J.A. Stinger

Words Can Inspire The World

No, You Don’t Have to Have Angst to Be a Good Writer

Not too long ago in one of my writer online groups, someone said they were feeling a lot of anxiety about their novel-in-progress, and they asked other people if they sometimes felt the same way. Plenty of people said yes, they did.

It’s good for writers to know they’re not the only ones. But then, the conversation took a disturbing turn.

Several people suggested that angst was necessary to writing — that, in fact, if you didn’t feel angst, you weren’t challenging yourself as a writer, and frankly, you weren’t producing good work.

This is possibly the worst writing advice I have ever heard, and what’s more, I think it’s dangerous to people’s mental health.

Angst is an occupational hazard of writing, but that doesn’t make it necessary or desirable. It’s like saying you’re a poor runner if you don’t suffer knee injuries.

In my long career as a creative professional, I have never seen people’s performance improve because they were freaked out. It’s exactly the opposite. When people are terrified of failure, they make more mistakes, they give less convincing presentations, their creative work falls flat… or they are simply unable to work at all, because their brains lock up. I think of Dune — fear really is the mind killer.

Would any creative person really argue otherwise? Would you say to your manager, “Hey, constantly yell at me and tell me I suck, because I do my best work under those conditions?” Well, it doesn’t work any better for writers who are mentally doing that to themselves. In fact, anxiety and fear keep many people from writing at all.

The even bigger problem with anxiety is that it hurts our health. It raises our cortisol levels, which in turn compromises our immune systems. It makes us lose sleep, which damages our overall health in many ways. It raises our blood pressure and the risk of cardiac arrest. Prolonged anxiety can lead to addictions or cases of serious depression.

If angst is a secret weapon for writers, it’s one pointing right at us.

You can see how dangerous it is to believe that angst fuels creativity. This belief could prevent people from taking steps to reduce their anxiety and from seeking out help with mental health when they really need it.

You might say, “Well, this famous writer said that s/he needed angst to write.” I am unconvinced. Plenty of writers have said that about alcohol and drugs, too. Like most people, writers can be resistant to personal change. The fact that someone was able to do good work while they were anxious, drunk, or high doesn’t prove that the anxiety, alcohol, or drug was necessary.

I can understand why people might say they require angst. Sometimes we fear that if we’re contented with who we are or what we are, we won’t have the drive to improve. It’s not really the case, though. Peace of mind and determination can co-exist very well.

We are capable of believing that we’re okay even if we’re not perfect, and that we are going to make huge improvements in our work. Those aren’t contradictory ideas.

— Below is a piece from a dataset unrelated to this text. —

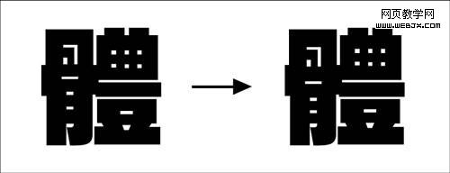 这两个字一粗一细,视觉上看是两款字,粗细调整不当。首先,把细的“體”字加粗,使两个字的视觉粗细一致。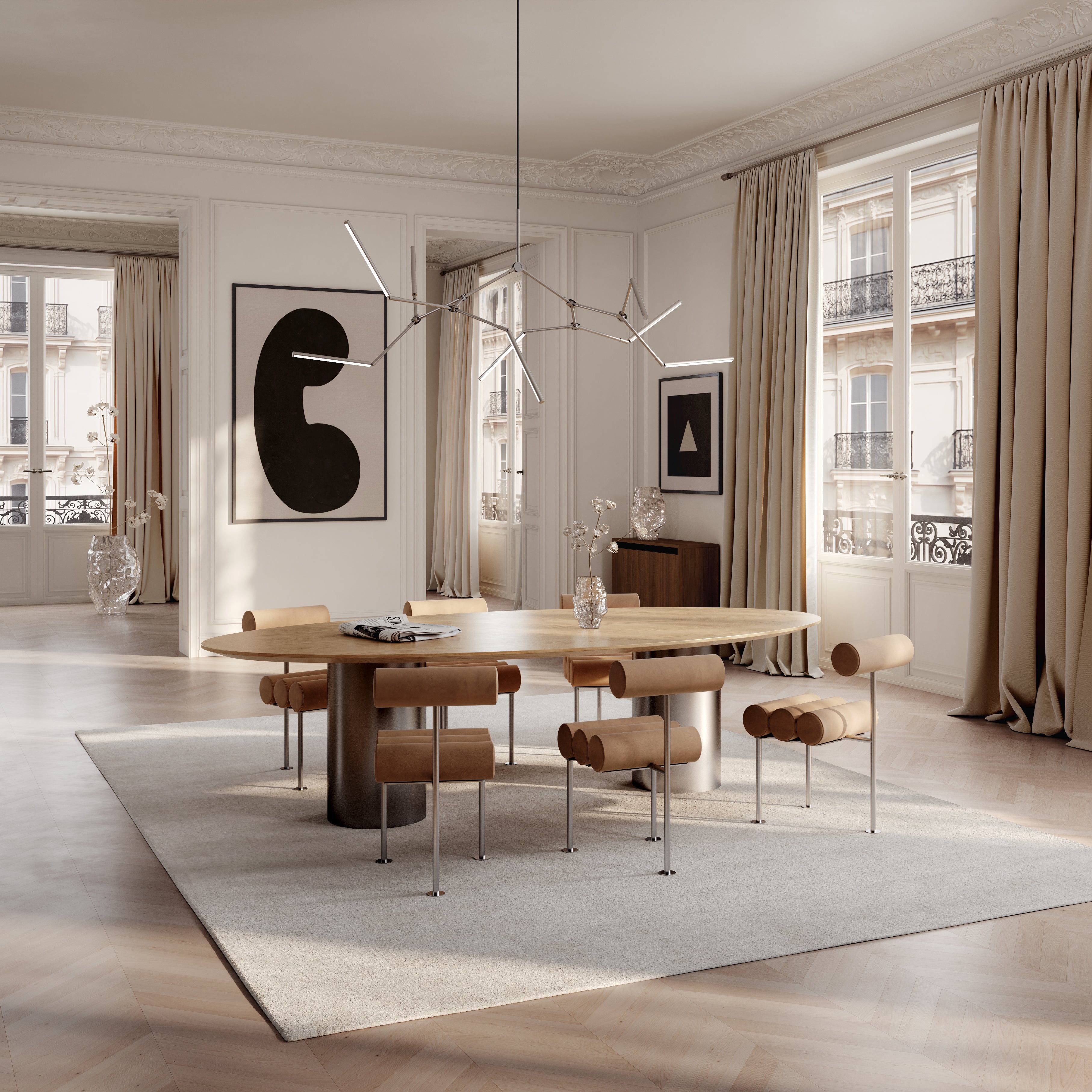 Der Leuchter Stick nimmt Bezug auf die Ästhetik der 80er Jahre, bietet jedoch anstelle kühler Geometrie eine durchdachte, warme Version des Modernismus. Dank der Möglichkeit, acht Arme in verschiedene Richtungen zu positionieren, ermöglicht der Leuchter die Schaffung individueller Kompositionen – von ruhigen, harmonischen Linien bis hin zu expressiven, asymmetrischen Anordnungen. Er eignet sich hervorragend über einem großen Tisch sowie in einem geräumigen Wohnzimmer oder Flur, wo das Licht nicht nur den Raum erhellen, sondern auch die Stimmung gestalten und eine Geschichte über Stil und Form erzählen soll.

We can say, “I’m doing something risky in this story, but I’m not going to freak out if people don’t like it…” And keep on saying it, until we really mean it.

A lot of angst comes from the belief that if our creative work isn’t good, than we aren’t valuable human beings. Think about that idea. You can tell that it’s crap, right?

I know I’m saying the obvious here, but human beings are inherently valuable. You can produce twenty terrible novels in a row and still be just as worthwhile of a person. You don’t have to produce a thing to be important and to deserve happiness.

And if you wait until you’re completely satisfied with your creative work or your success to be happy, then sorry, but you are going to die waiting.

Please don’t approach your writing as the justification for your existence. Your writing is there to entertain you, challenge you, inspire you, immerse you in new ideas or new worlds… and to connect with other people and help them do the same thing. If you’re a writer, the more you can enjoy the process and approach it as a pleasure, the happier your whole life is going to be.

Do you have any advice about overcoming creative angst? Please share it in the comments! I learn so much on this blog from other writers and creative people. And if you want to follow my blog about writing and living a happy life, you can subscribe at the lefthand side of the page. Thanks for reading!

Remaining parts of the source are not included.